[EXERCISE INPUT — start]
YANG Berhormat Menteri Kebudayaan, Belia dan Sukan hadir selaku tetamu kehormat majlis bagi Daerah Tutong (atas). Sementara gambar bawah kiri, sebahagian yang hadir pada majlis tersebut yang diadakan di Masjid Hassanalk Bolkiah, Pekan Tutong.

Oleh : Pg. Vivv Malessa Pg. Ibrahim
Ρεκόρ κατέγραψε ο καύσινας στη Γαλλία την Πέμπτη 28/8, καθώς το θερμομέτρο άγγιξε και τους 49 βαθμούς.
[EXERCISE INPUT — finish]
[EXERCISE INPUT — start]
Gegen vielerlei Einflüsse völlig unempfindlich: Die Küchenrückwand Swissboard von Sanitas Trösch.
[EXERCISE INPUT — finish]
» **WHAT YOU WILL DO**
Where the listing above has a line with "YANG Berhormat Menteri", start there, and output every line exactly through the line with "Ρεκόρ κατέγραψε ο", which is also included.

» **FINISHED EXERCISE**
YANG Berhormat Menteri Kebudayaan, Belia dan Sukan hadir selaku tetamu kehormat majlis bagi Daerah Tutong (atas). Sementara gambar bawah kiri, sebahagian yang hadir pada majlis tersebut yang diadakan di Masjid Hassanalk Bolkiah, Pekan Tutong.

Oleh : Pg. Vivv Malessa Pg. Ibrahim
Ρεκόρ κατέγραψε ο καύσινας στη Γαλλία την Πέμπτη 28/8, καθώς το θερμομέτρο άγγιξε και τους 49 βαθμούς.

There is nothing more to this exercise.